Key performance indicators 

  • Strategic evaluation: KPIs, on the other hand, have a closer relationship with business performance and, therefore, are customized according to the area or goal that the company wants to achieve.
  • Action-oriented: Due to this close relationship with performance, KPIs help in making company decisions and guiding managers to find the most viable path to success.
  • Success assessment: KPIs aim to measure the performance of a sector or a company, determining if the previously established goals are being achieved or if the strategy needs to be adjusted to reach the goals.
  • Continuous assessment practice: It's essential to revisit KPIs constantly to ensure the company is on the right path toward its objectives.

In summary, metrics are broad and generic measurements that provide ready information—they don't require calculations or inferences. KPIs are strategically chosen and combined metrics focusing on specific objectives to assess success and guide the company's actions.
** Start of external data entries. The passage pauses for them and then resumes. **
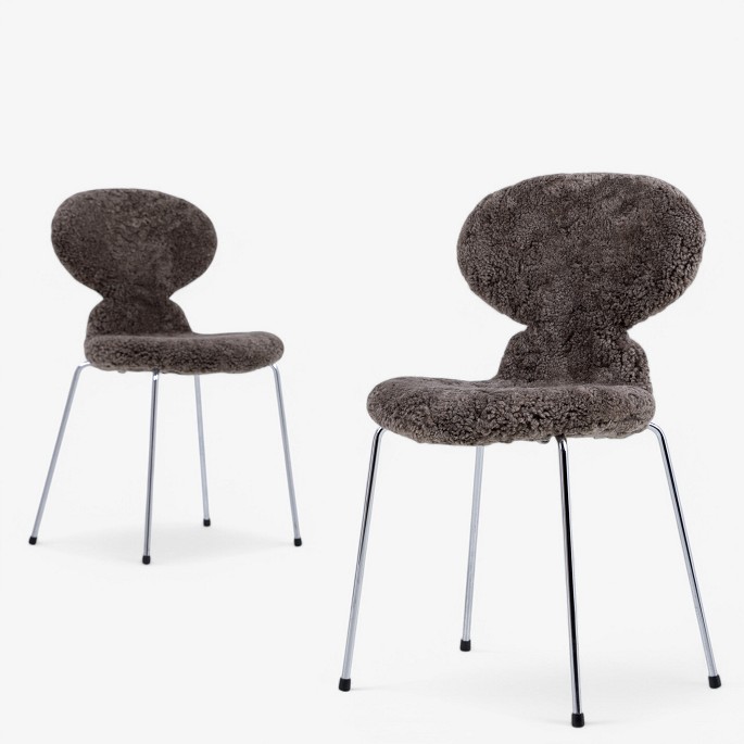 AJ 3100 - Fully upholstered 'The Ant' chair in lambskin (color: Sahara). Stamped by manufacturer.
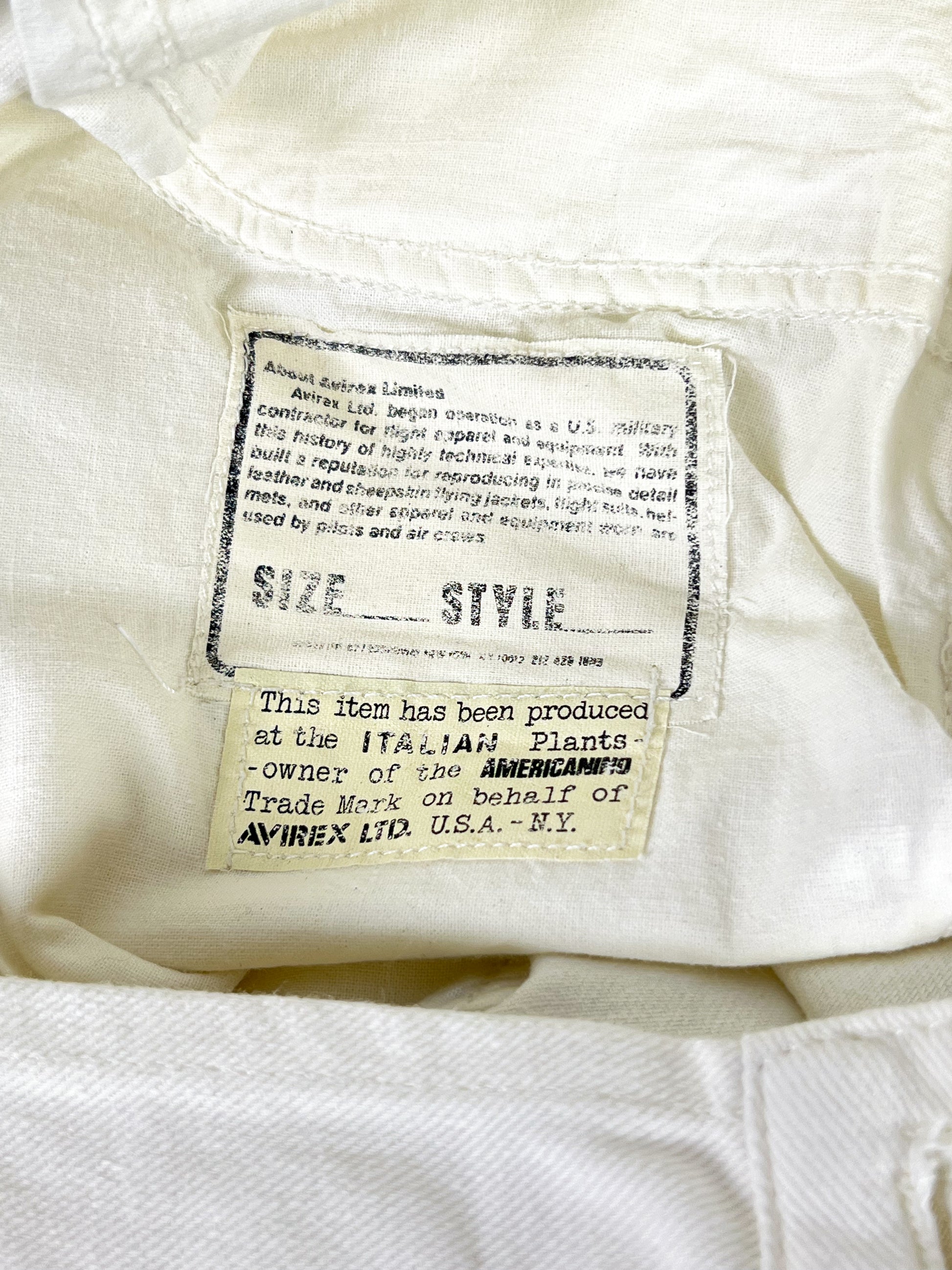 Colore bianco naturale, non ottico, chiusura frontale con bottoni marchiati Avirex, rivetti metallici e patch in cuoio Avirex U.S.A. sul retro.
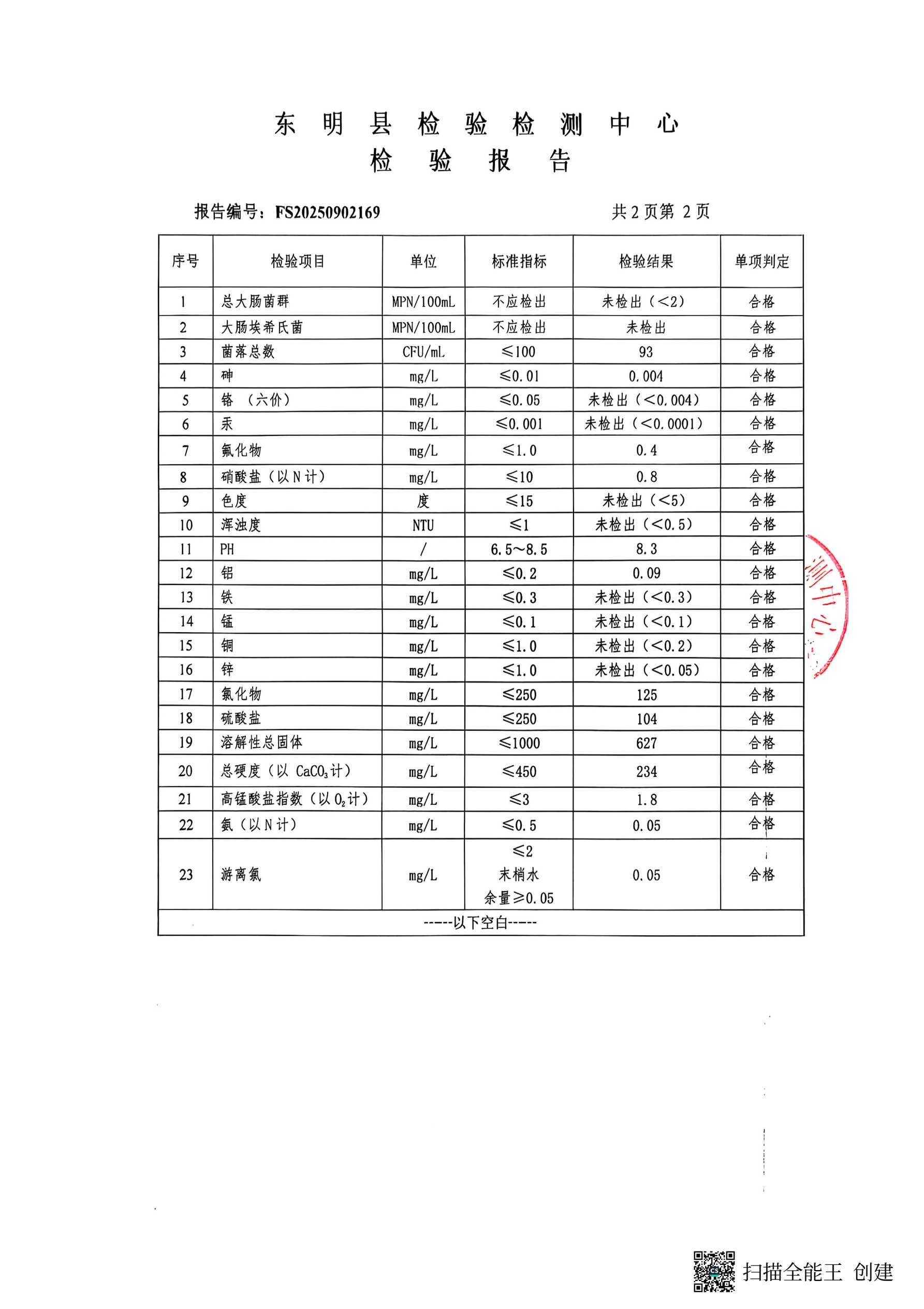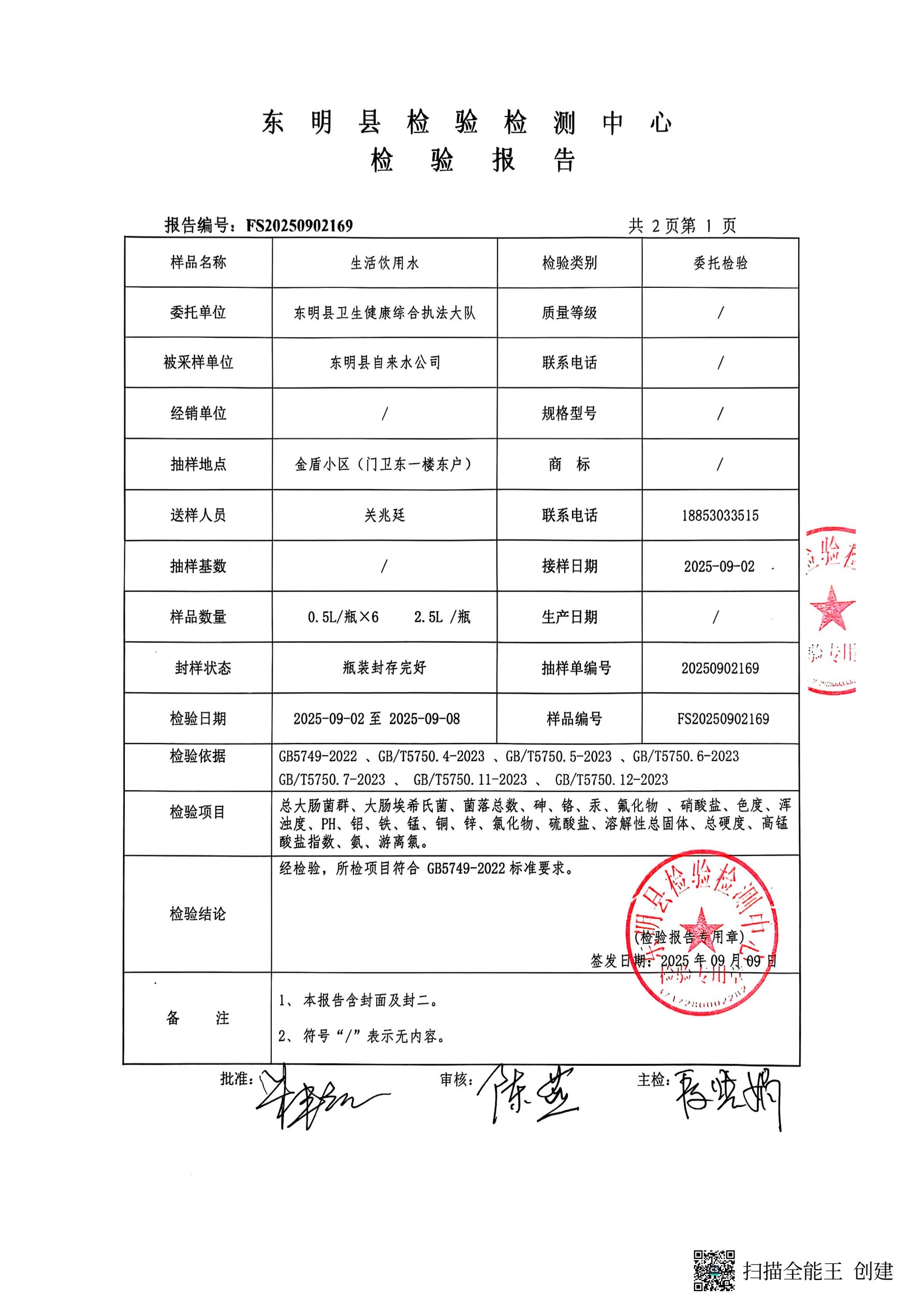 2025年第三季度管网末梢水检测金盾小区取水口(季检)

Metrics may encompass a variety of information, whereas KPIs are selected based on their significance in progressing toward the achievement of strategic goals.

To get to a KPI, you'll probably need to first have a raw metric—and metrics alone hardly ever tell you anything. For example, I could tell you a certain social media page has 50,000 fans. Is it a lot? Is it not enough? Alone, the number says nothing.

But when I tell you that this page is for astrophysics, is unique in its category, and has ten times as many followers as any other similar page (we start comparing numbers), you get an idea of depth and importance—and now you have a KPI.

Once they are merged and carefully and rationally interpreted, KPIs and metrics can be the key to unlocking a company's success, ensuring that the strategy is aligned with the scenario indicated by the numbers.